Actually that is called a index only scan, and happens when you have a data type that is inside your index. Which means if you need a aggregate you could try to index everything you need. Mostly a aggregate only contains some values of a row so a index is mostly not a problem.
I didn't say an index couldn't be used at all. Just not to actually make the query fast. This will get all duplicates for a value from the index, before going to the next value. If you have a couple thousand or more of each to be counted value that'll make the query rather slow.
An index only scan isn't the same as a loose index scan. They're orthogonal tricks.
You would need to add support for skip scans to the query planner, and adding feature to the query planner is rarely simple.
We are migrating our analytics db from Mongo to PG but we hit a wall because SELECT COUNT(DISTINCT x)) performs abysmally in Postgres.

An alternative is PipelineDB, which is built on Postgres (and drop-in compatible, supposedly) and should provide an efficient implementation for those kinds of queries: https://www.pipelinedb.com/

I've never used it, though.

"We are migrating our analytics db from Mongo to PG but we hit a wall because SELECT COUNT(DISTINCT x)) performs abysmally in Postgres."

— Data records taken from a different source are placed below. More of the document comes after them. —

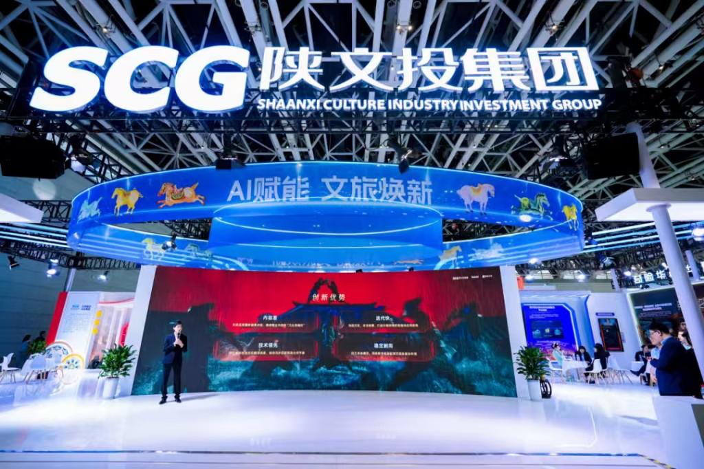 陕文投展台以“AI赋能 文旅焕新”为主题,现场呈现了博观文旅大模型、赳赳大秦、长安十二时辰等特色项目,通过实物展陈与互动体验,展现AI赋能文旅的全新场景。
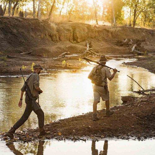 Arnhemland, where the hunt takes place, covers 100,000 km2, which is more than twice the size of Denmark. It is possible to choose between 2 modes of transport to get to the hunting district. The most comfortable is clearly chartering an aircraft to fly from Darwin to Bulman, an aboriginal town in the heart of Arnhemland. The flight takes 1.5 hours, and is followed by a car journey of around 1-2...
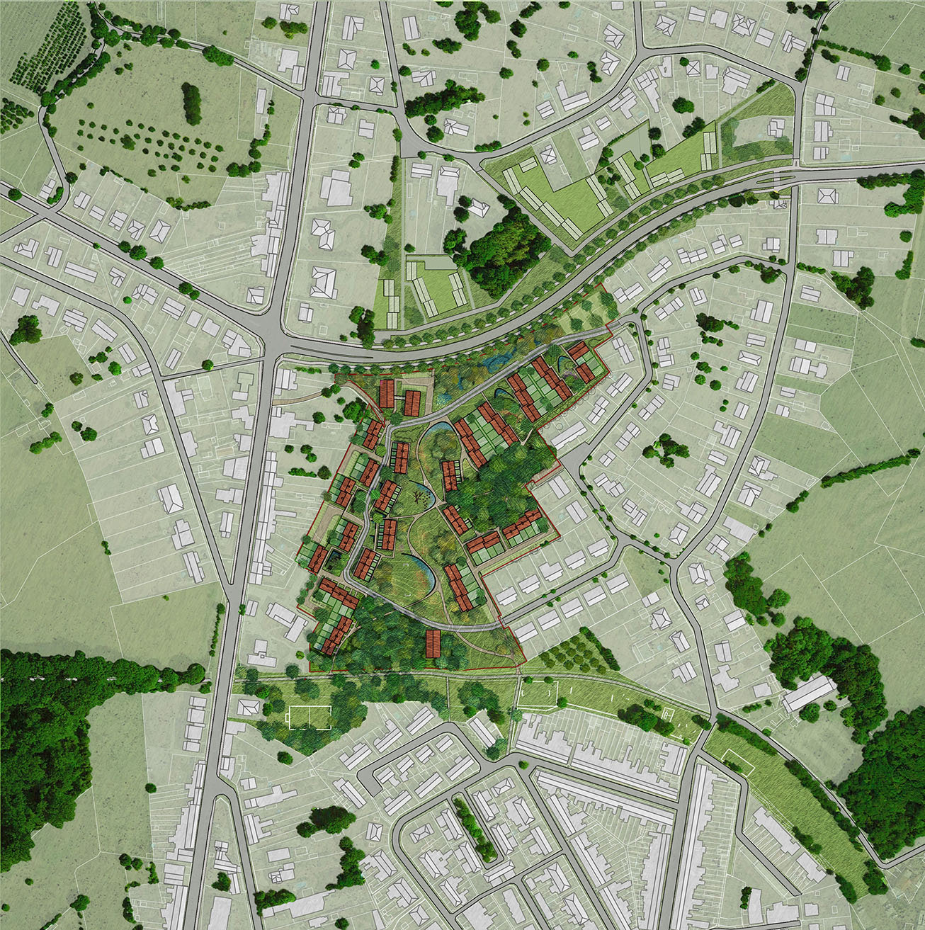 De stedenbouwkundige organisatie bouwt maximaal voort op de bestaande structuren. De kenmerkende hoogteverschillen, bestaande bospartijen, en het afbouwen van de gekartelde bouwranden vormen de uitgangspunten voor de compositie van de compacte woonvolumes met voor en achtertuinen. De bestaande bomen krijgen een centrale positie en sociale functie in landschappelijke kamers, de erven waar mensen samenwonen. Elke kamer heeft een eigen gezicht en schept binnen het gelaagde landschap van park, collectieve pleinen en private tuinen, herkenbaarheid en dierbaarheid voor haar bewoners.
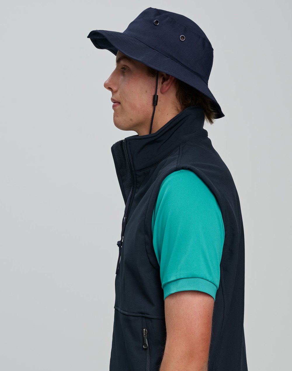 Description: UPF rating 50+. "Excellent Protection". Meets AS/NZS 4399:1999. Poly/ Cotton fabric with soft brim. Large metal eyelets for ventilation. Toggle and break-away clip on chin strap.
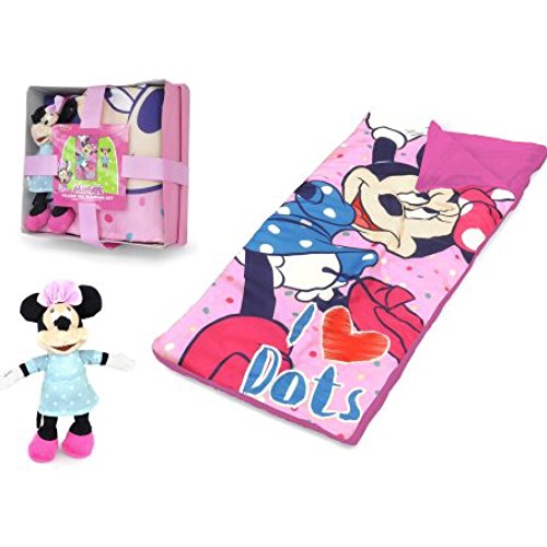 Product Description Your child will enjoy the Disney Minnie Mouse Sleeping bag with Figural Pillow which features Minnie Mouse proportionately sized sleeping bag with an astonishing new 3D figural pillow. It's a must have for every child's or friends room. Your child will enjoy hanging out with friends while playing with the characters sleeping bag. The Disney Minnie Mouse 3D figural pillow and sleeping bag set makes it easier for your child to enjoy nap time, travel and sleepovers with friends. These fun, fictional and functional figural pillow and sleeping bags are incredibly durable and easy to maintain. For ages three and up, recommended use is indoor use only. The sleeping bag is machine washable making it 100 percent mom-approved! 0
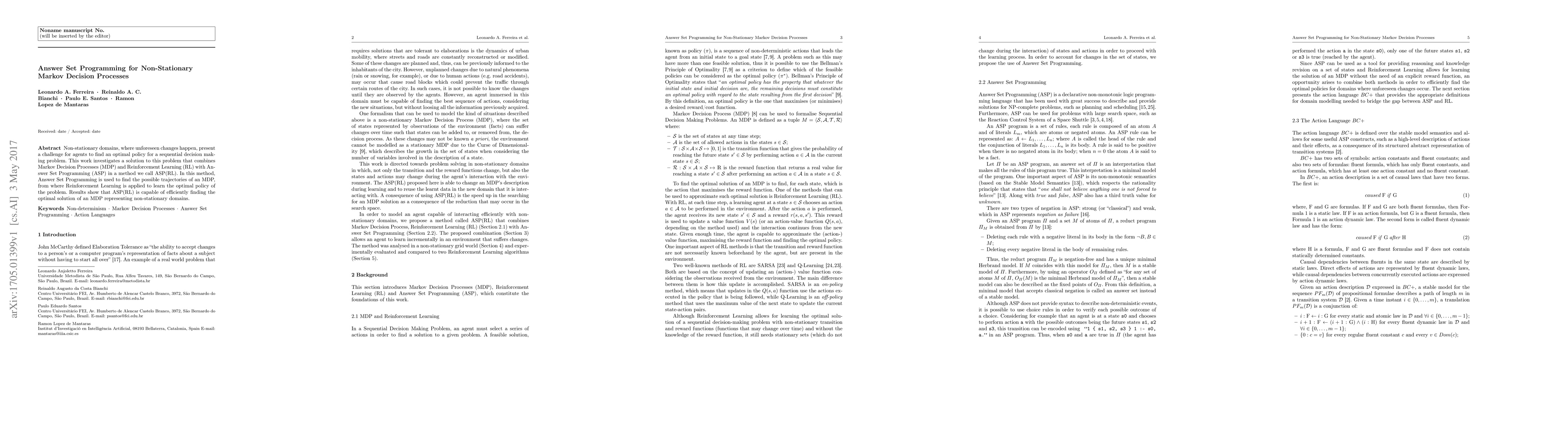 Researchers develop a new method called ASP(RL) that uses Answer Set Programming to find possible trajectories in Markov Decision Processes, then applies Reinforcement Learning to learn an optimal policy for non-stationary domains.
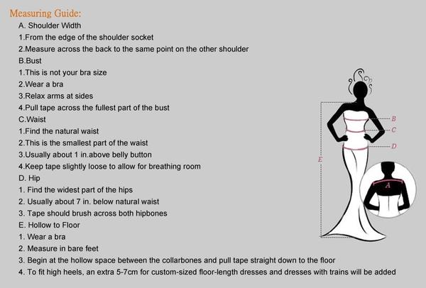 We strongly recommend that you have your measurements taken by a professional before buying any gown online. Please follow the measurement instructions, and measure yourself carefully
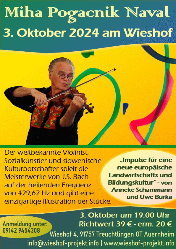 Der Violinvirtuose, Kulturunternehmer, Sozialkünstler und Kuturbotschafter der Republik Slowenien, Miha Pogacnik, kommt auf den Wieshof!
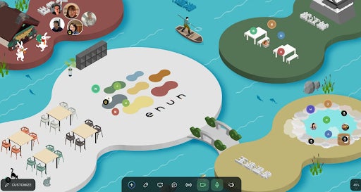 SpatialChatで独自に作り上げた空間で、ワークプレイス「enun」のオープン報告会や12月にはCommunity salonとして利用し、これからの活動方針の話し合いなどを実施しました。
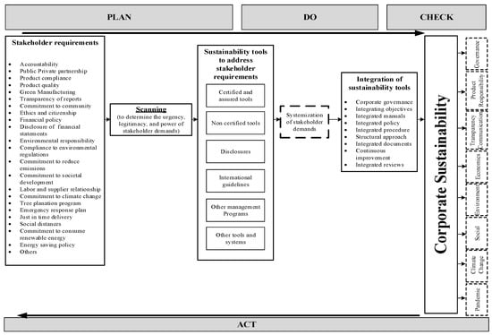Each of these sustainability criteria has a total of forty-five sub-criteria. These criteria were identified after reviewing and summarizing the literature. The results of which criteria and sub-criteria are shown in Table 2. Next, we attempt to extend the corporate sustainability model based on the ‘Plan, Do, Check, and Act’ (PDCA) approach, as presented in Figure 2.
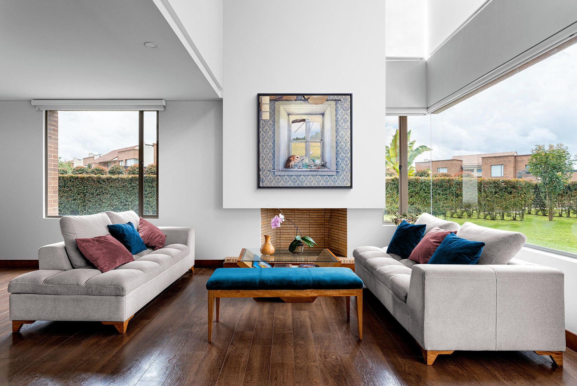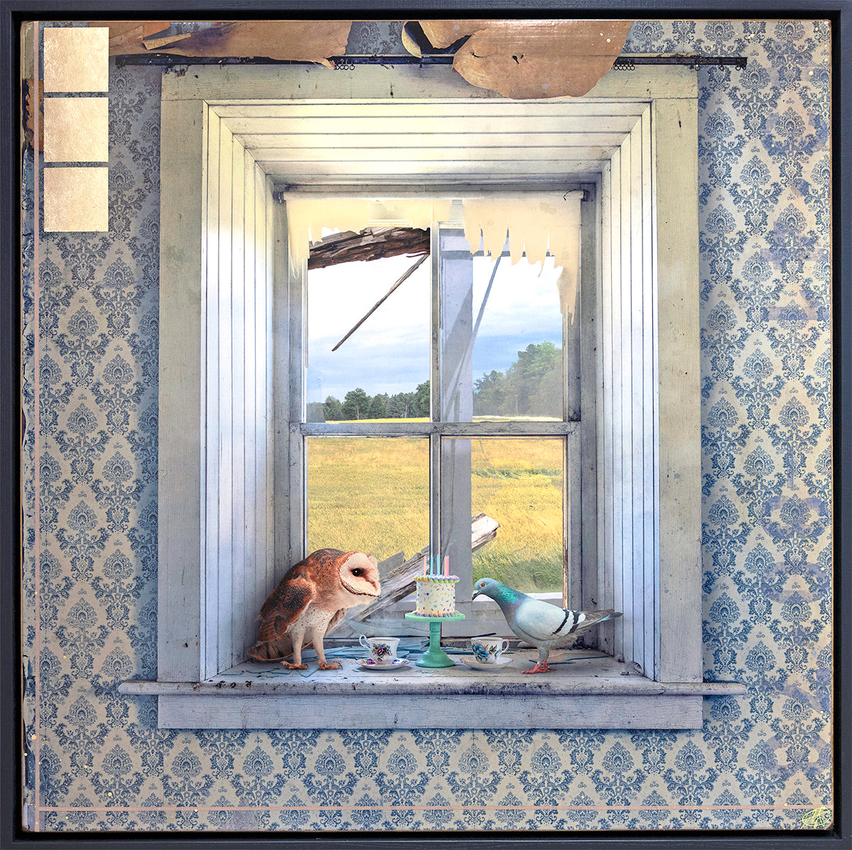 "The Conspiracy" is part of Morgan Jones's Animals collection, featuring a barn owl on a dilapidated windowsill looking intently at a single pigeon as they look at each other across an afternoon tea setting. The view through the window reveals serene summer farmland, all encapsulated by the rustic charm of the window's worn frame.
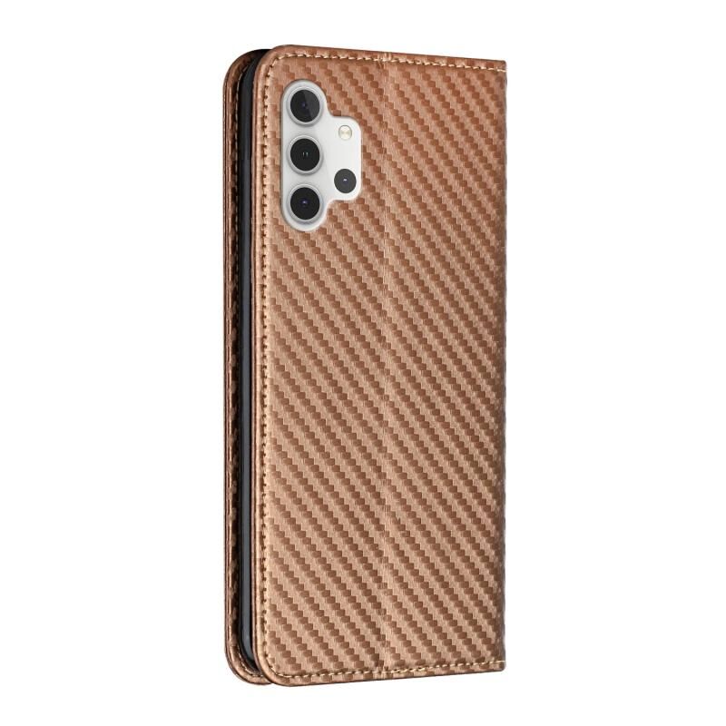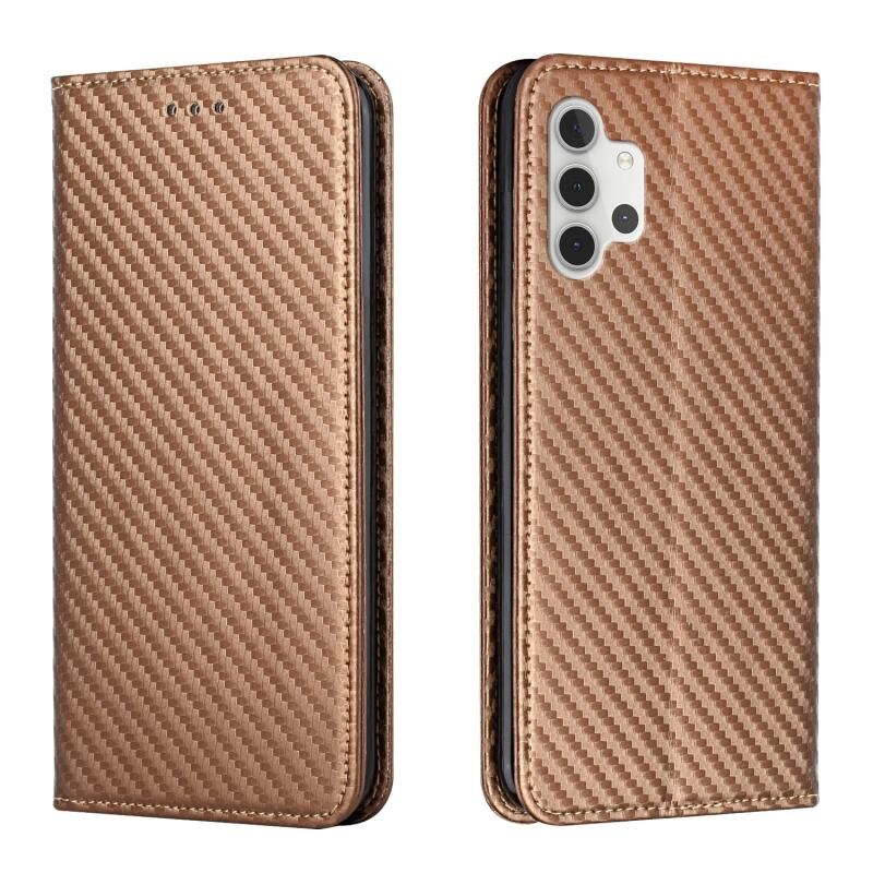 Για Samsung Galaxy A32 4G Carbon Fiber Υφή Flip κάτοχος δερμάτινη θήκη τηλεφώνου (Καφέ)
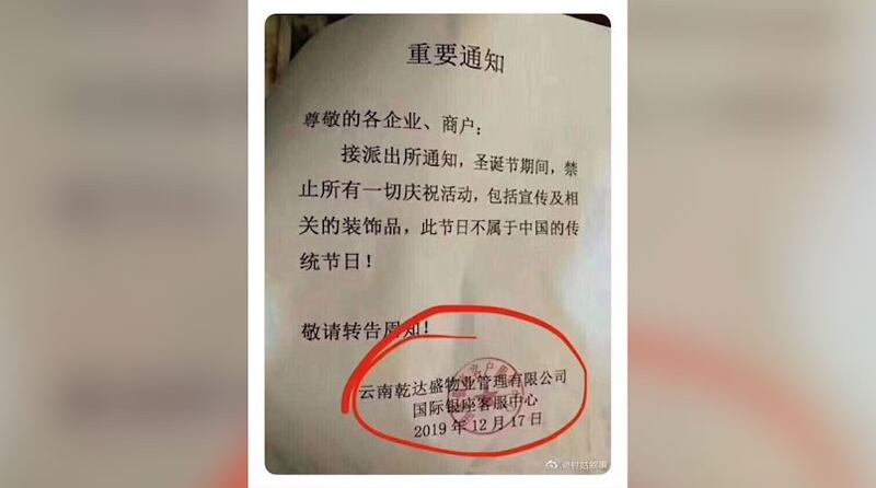 云南省昆明市经济开发区内一大型住宅商业区的物业管理公司近期向当地企业及商户发出通知,禁止庆祝圣诞节。12月17日,云南乾达盛物业管理公司发出一份通知,声称接派出所通知,圣诞节期间禁止所有一切庆祝活动,包括宣传及相关的装饰品,此节日不属于中国的传统节日。
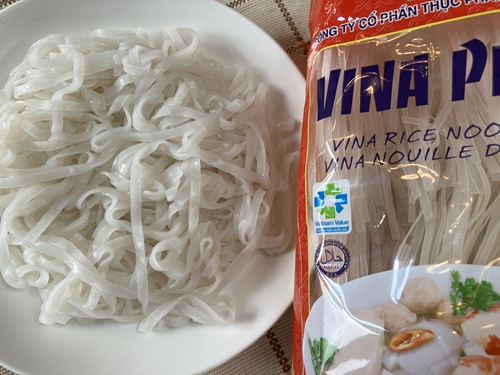 他に代用できる麺はないかと店内を探してみると、乾物コーナーにライスヌードルという麺を見つけました。
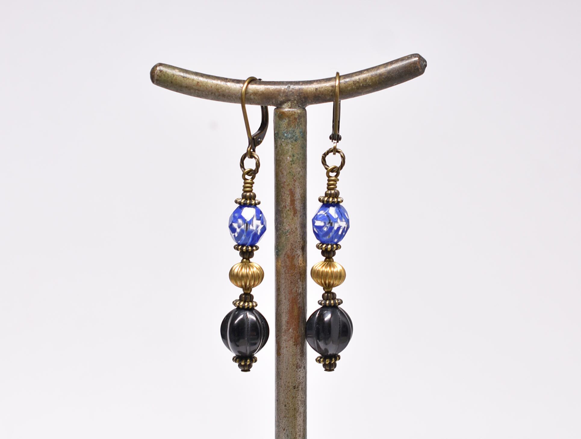 ストライプヴィンテージビーズと漆黒ビーズ、プックリブラスのピアス
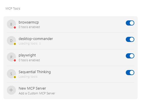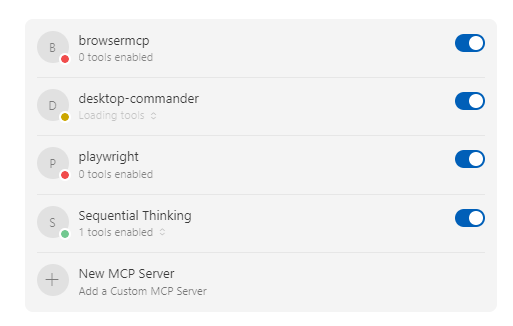 - 설치된 서버 목록에 "openrouterai"와 "server-sequential-thinking"이 보일 것이다. 하지만 처음에는 아래 이미지와 같이 회색 글씨의 'Disabled' 상태일 것이다.
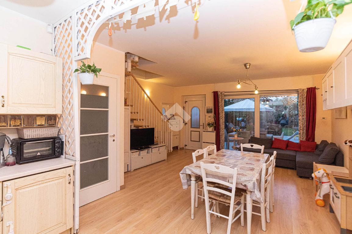 La zona giorno, attraverso l'ampia vetrata, è direttamente collegata al patio e giardino privato che misurano complessivamente circa 700 mq.
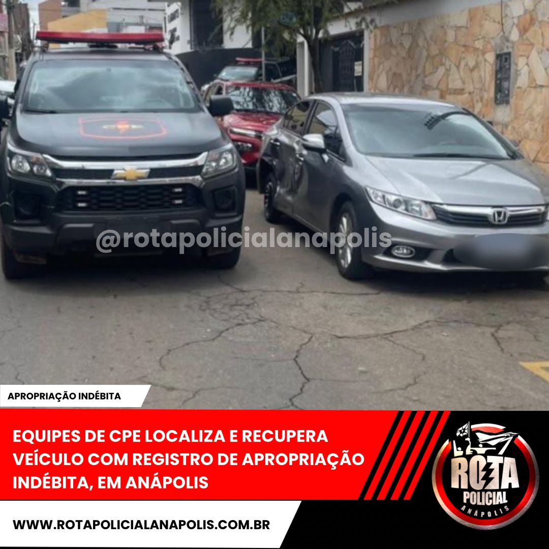 EQUIPES DE CPE LOCALIZA E RECUPERA VEÍCULO COM REGISTRO DE APROPRIAÇÃO INDÉBITA, EM ANÁPOLIS
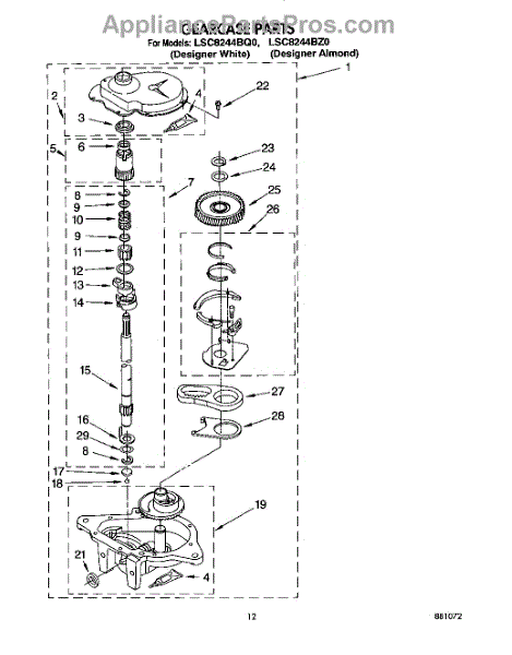 Parts for Whirlpool LSC8244BQ0: 10 - Gearcase Parts

https://github.com/aggregateknowledge/postgresql-hll ?

or even

https://www.periscopedata.com/blog/hyperloglog-in-pure-sql.h... ?

Try:

    SELECT COUNT(*) FROM (SELECT DISTINCT x FROM table) AS temp;

The

    SELECT COUNT(DISTINCT x))
Is slow because it performs sort.
> It was created by people who had no experience in databases and are learning as they go[4]. As they started adding things that are essential for database they realized it's not that simple.

This sounds exactly like what MySQL development looked like to me early in its rise to popularity.